» TASK PROMPT: If pictures appear among the lines below, leave them out while you return exactly the lines from the one with "Por fim, como" through the one with "Andererseits wissen wir, daß".

» RECORD EXCERPTS:
--- START ---

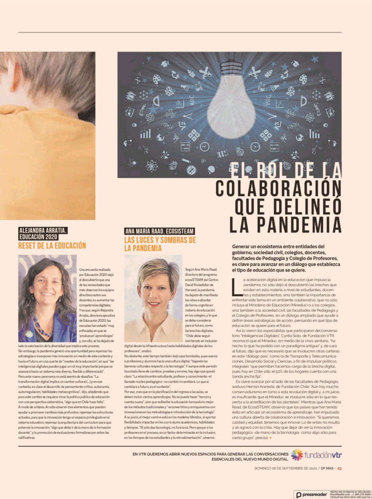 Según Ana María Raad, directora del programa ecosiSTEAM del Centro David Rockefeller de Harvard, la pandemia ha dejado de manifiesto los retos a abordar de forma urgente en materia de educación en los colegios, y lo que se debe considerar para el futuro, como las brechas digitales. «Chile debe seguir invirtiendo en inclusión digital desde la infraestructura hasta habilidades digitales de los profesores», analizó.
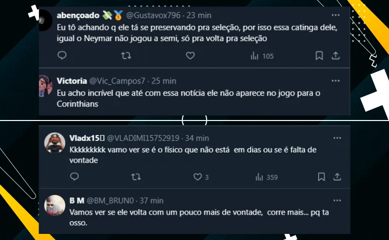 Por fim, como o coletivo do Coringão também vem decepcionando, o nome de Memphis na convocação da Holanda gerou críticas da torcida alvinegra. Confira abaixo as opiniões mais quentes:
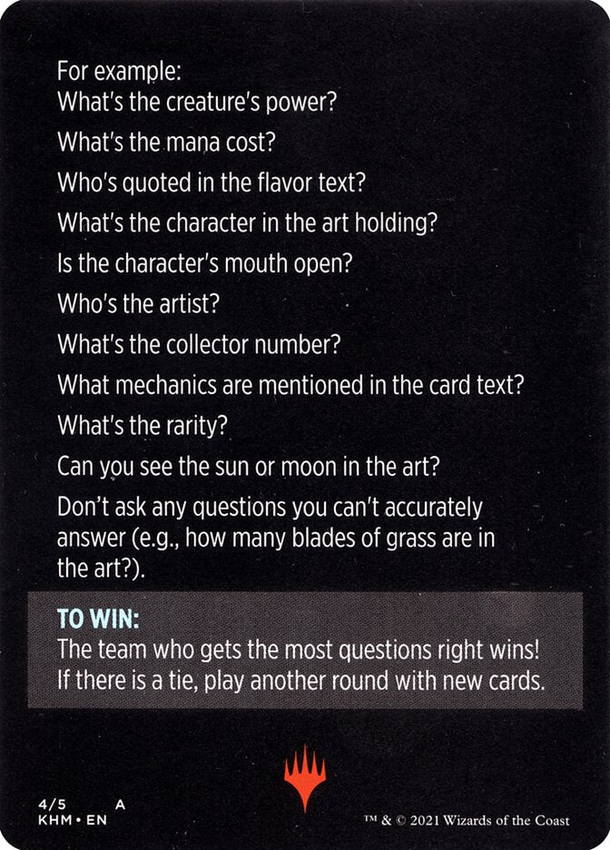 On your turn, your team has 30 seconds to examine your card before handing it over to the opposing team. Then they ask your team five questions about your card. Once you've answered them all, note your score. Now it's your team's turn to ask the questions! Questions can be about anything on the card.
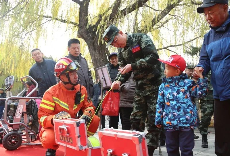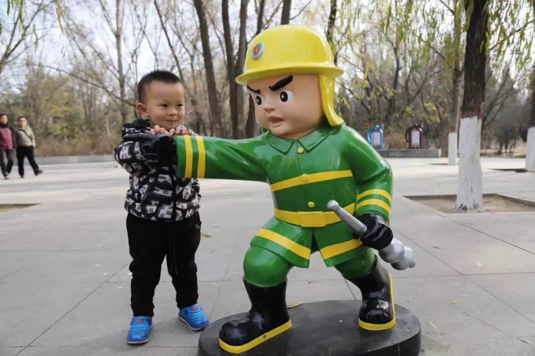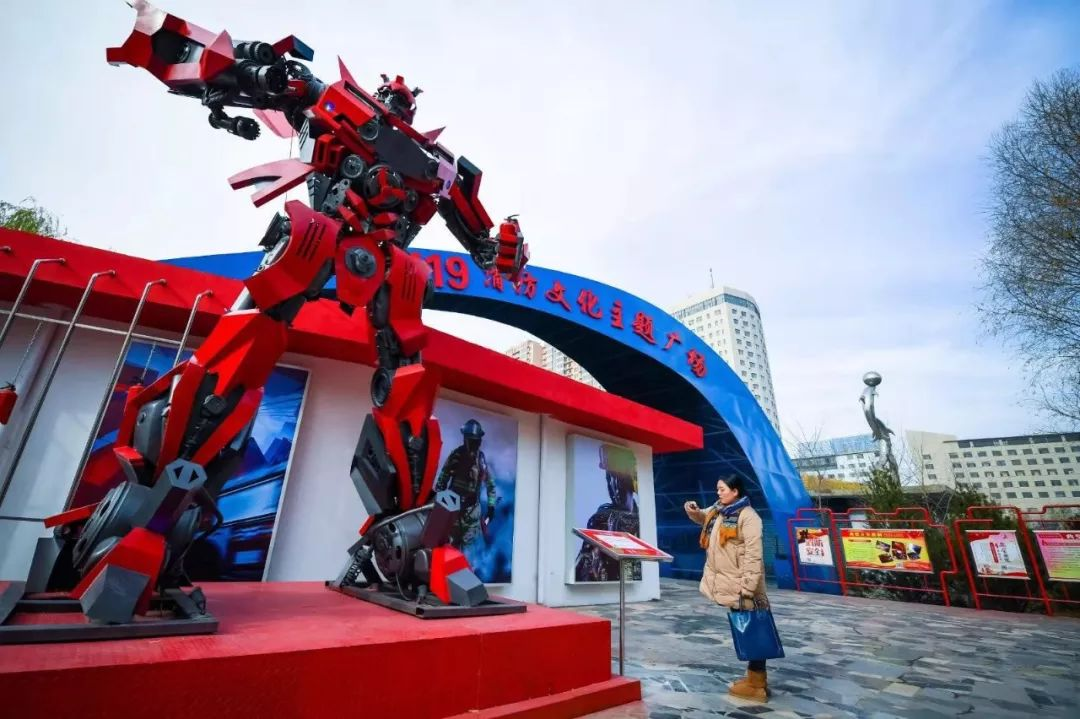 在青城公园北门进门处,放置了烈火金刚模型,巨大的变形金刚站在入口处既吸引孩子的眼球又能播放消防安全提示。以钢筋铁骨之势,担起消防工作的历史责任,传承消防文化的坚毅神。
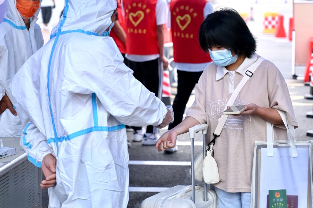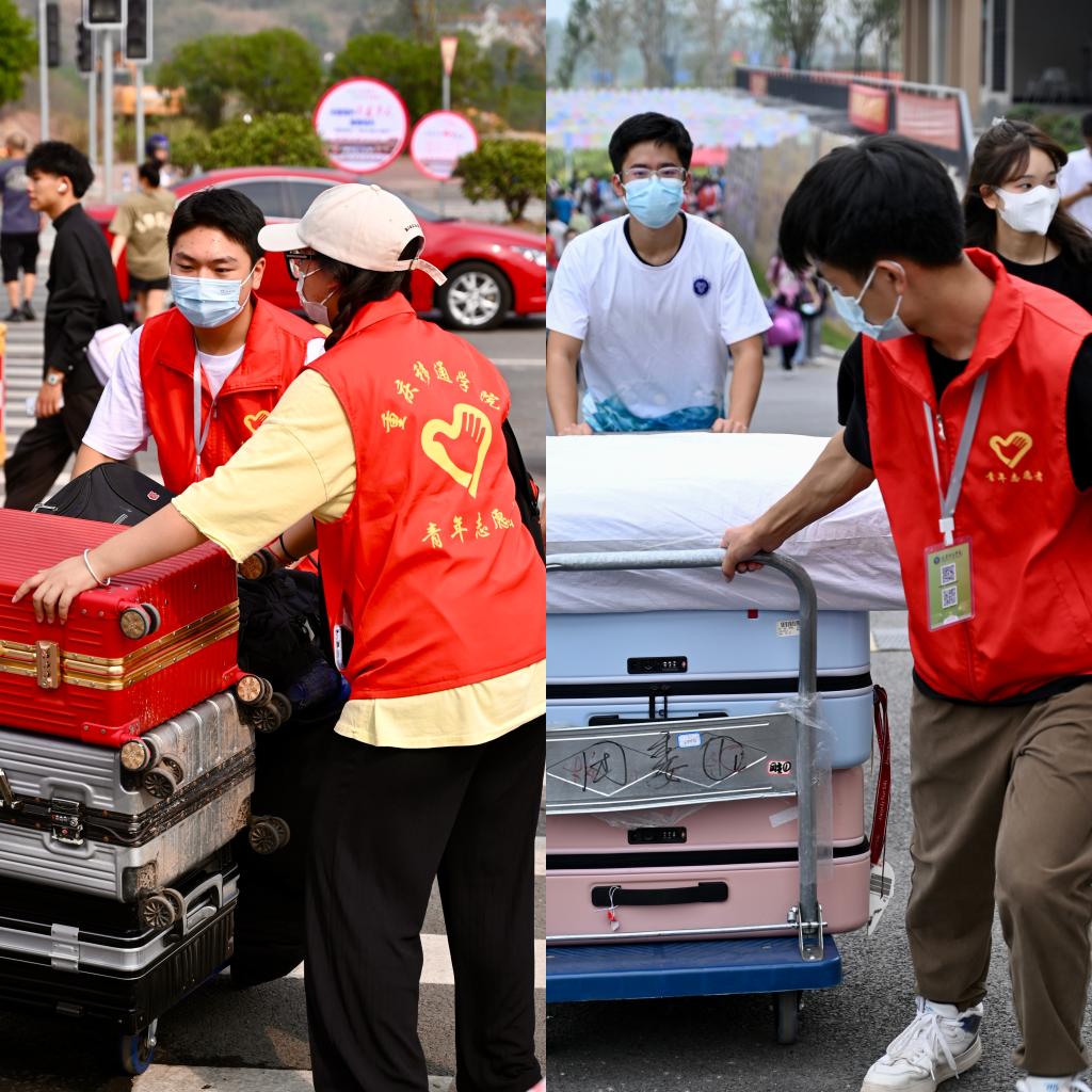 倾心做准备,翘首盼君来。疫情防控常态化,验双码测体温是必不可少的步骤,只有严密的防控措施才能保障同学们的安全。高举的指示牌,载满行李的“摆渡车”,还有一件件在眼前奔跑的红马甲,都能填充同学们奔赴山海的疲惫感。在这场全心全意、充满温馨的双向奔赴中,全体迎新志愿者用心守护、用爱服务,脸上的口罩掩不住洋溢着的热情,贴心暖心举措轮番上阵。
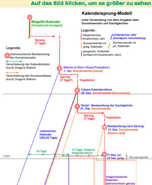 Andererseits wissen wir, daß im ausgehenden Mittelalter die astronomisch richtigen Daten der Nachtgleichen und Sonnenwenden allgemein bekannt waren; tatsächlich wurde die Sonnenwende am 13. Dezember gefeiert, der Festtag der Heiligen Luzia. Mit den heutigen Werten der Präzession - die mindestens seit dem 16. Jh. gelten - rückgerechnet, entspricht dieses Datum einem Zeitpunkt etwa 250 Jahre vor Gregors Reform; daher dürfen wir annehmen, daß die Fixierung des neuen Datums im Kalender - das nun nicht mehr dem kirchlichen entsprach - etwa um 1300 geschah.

--- END ---
--- START ---

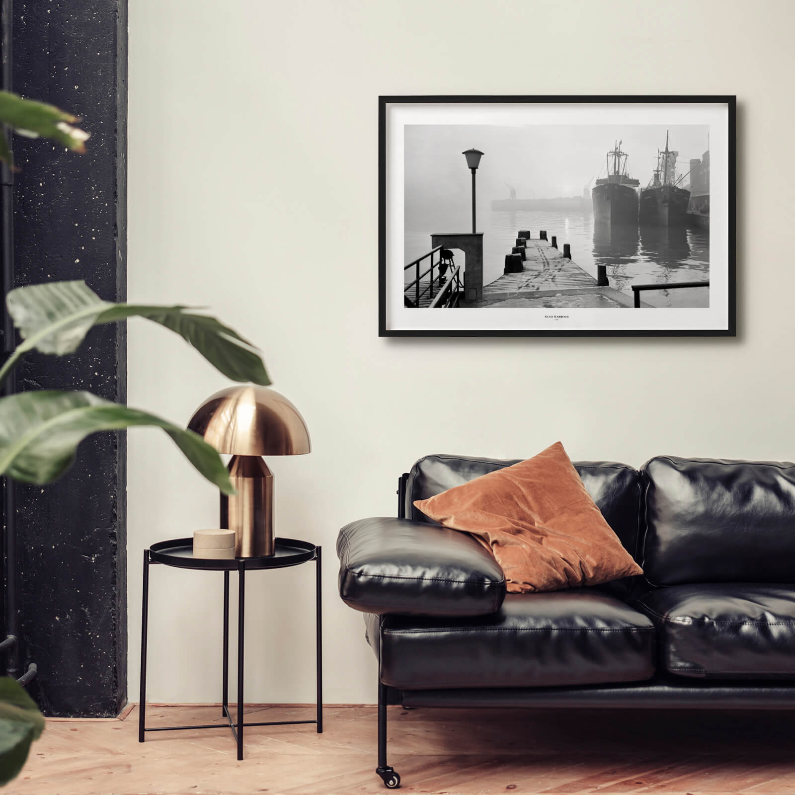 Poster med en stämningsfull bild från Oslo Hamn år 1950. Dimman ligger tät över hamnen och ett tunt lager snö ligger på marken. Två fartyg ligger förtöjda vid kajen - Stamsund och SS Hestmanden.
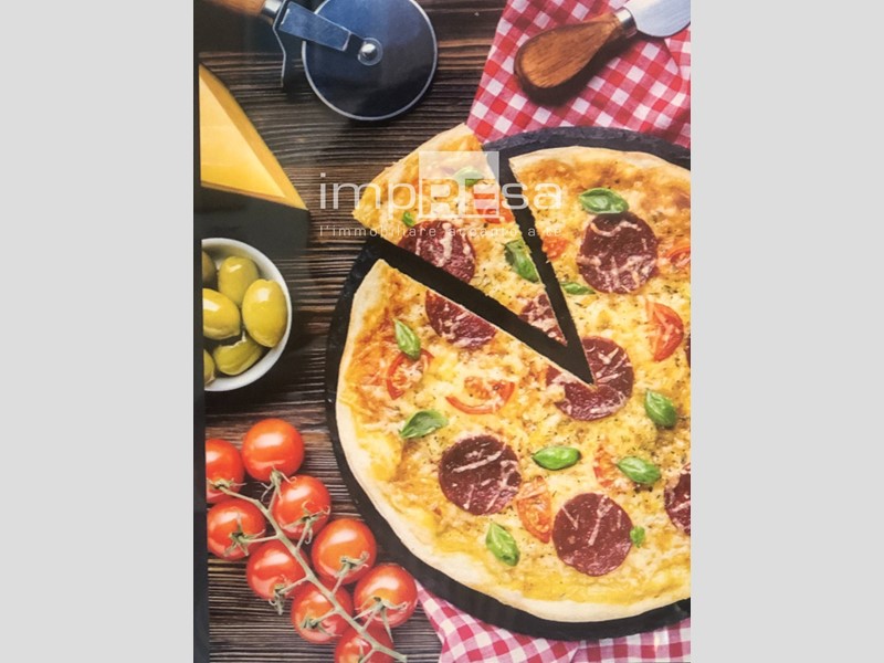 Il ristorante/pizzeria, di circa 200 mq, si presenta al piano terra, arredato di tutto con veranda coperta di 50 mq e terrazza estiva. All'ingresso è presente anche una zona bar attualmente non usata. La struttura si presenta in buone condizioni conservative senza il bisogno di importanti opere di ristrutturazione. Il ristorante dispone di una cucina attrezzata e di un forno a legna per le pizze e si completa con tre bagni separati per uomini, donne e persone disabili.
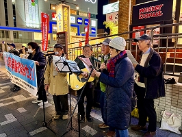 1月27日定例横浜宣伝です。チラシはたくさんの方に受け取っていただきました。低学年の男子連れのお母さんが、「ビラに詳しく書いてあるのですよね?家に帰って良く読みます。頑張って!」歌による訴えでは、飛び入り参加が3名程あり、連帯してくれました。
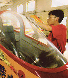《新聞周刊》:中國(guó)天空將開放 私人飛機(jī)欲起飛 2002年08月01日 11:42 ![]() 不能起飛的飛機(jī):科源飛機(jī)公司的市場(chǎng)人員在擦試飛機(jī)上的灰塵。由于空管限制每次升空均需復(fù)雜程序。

--- END ---
--- START ---

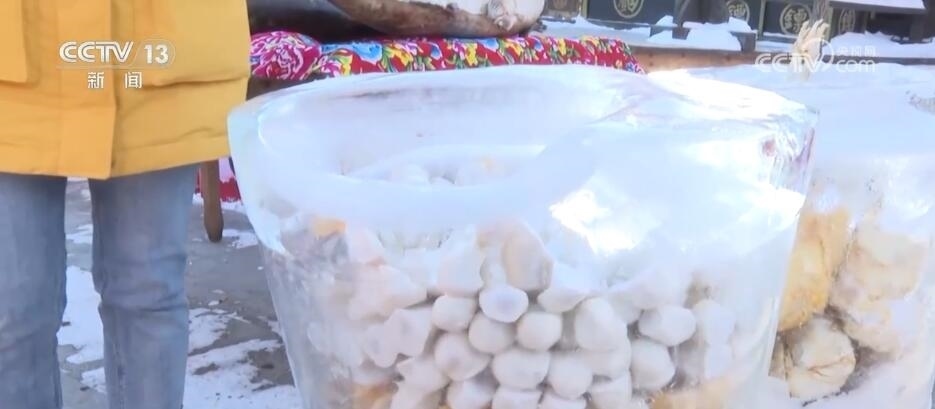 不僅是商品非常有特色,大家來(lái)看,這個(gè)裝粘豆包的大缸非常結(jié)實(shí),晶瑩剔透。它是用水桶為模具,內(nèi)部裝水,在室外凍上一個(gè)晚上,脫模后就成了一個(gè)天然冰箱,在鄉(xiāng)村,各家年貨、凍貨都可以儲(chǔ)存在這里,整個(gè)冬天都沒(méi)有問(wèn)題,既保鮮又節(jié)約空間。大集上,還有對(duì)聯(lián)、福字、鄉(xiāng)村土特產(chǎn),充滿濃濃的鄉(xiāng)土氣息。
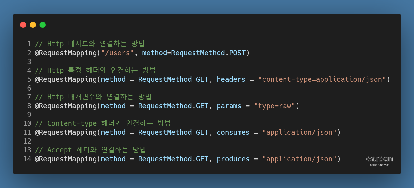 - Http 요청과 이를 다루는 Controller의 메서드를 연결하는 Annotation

--- END ---

» SOLUTION TO THIS PROBLEM:
 Por fim, como o coletivo do Coringão também vem decepcionando, o nome de Memphis na convocação da Holanda gerou críticas da torcida alvinegra. Confira abaixo as opiniões mais quentes:
 On your turn, your team has 30 seconds to examine your card before handing it over to the opposing team. Then they ask your team five questions about your card. Once you've answered them all, note your score. Now it's your team's turn to ask the questions! Questions can be about anything on the card.
 在青城公园北门进门处,放置了烈火金刚模型,巨大的变形金刚站在入口处既吸引孩子的眼球又能播放消防安全提示。以钢筋铁骨之势,担起消防工作的历史责任,传承消防文化的坚毅神。
 倾心做准备,翘首盼君来。疫情防控常态化,验双码测体温是必不可少的步骤,只有严密的防控措施才能保障同学们的安全。高举的指示牌,载满行李的“摆渡车”,还有一件件在眼前奔跑的红马甲,都能填充同学们奔赴山海的疲惫感。在这场全心全意、充满温馨的双向奔赴中,全体迎新志愿者用心守护、用爱服务,脸上的口罩掩不住洋溢着的热情,贴心暖心举措轮番上阵。
 Andererseits wissen wir, daß im ausgehenden Mittelalter die astronomisch richtigen Daten der Nachtgleichen und Sonnenwenden allgemein bekannt waren; tatsächlich wurde die Sonnenwende am 13. Dezember gefeiert, der Festtag der Heiligen Luzia. Mit den heutigen Werten der Präzession - die mindestens seit dem 16. Jh. gelten - rückgerechnet, entspricht dieses Datum einem Zeitpunkt etwa 250 Jahre vor Gregors Reform; daher dürfen wir annehmen, daß die Fixierung des neuen Datums im Kalender - das nun nicht mehr dem kirchlichen entsprach - etwa um 1300 geschah.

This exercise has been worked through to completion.